───── EXERCISE MATERIAL

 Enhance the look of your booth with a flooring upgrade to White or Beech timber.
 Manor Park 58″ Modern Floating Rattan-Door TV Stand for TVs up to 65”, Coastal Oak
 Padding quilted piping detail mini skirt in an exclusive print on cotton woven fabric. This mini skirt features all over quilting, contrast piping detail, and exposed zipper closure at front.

──────────
───── EXERCISE MATERIAL

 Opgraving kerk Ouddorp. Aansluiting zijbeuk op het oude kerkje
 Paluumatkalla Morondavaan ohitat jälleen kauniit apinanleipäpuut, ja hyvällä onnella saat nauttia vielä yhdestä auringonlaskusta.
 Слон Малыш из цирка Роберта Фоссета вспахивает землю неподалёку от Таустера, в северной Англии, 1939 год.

──────────
───── EXERCISE MATERIAL

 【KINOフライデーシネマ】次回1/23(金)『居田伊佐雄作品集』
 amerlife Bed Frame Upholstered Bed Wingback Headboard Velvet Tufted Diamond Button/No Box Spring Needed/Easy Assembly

──────────

▶ [TASK ITEM]: Give again, word for word, every line of the listing above from the one with "Paluumatkalla Morondavaan ohitat" to the one with "Слон Малыш из", both inclusive, and nothing beyond them.

▶ [SOLUTION BELOW]:
 Paluumatkalla Morondavaan ohitat jälleen kauniit apinanleipäpuut, ja hyvällä onnella saat nauttia vielä yhdestä auringonlaskusta.
 Слон Малыш из цирка Роберта Фоссета вспахивает землю неподалёку от Таустера, в северной Англии, 1939 год.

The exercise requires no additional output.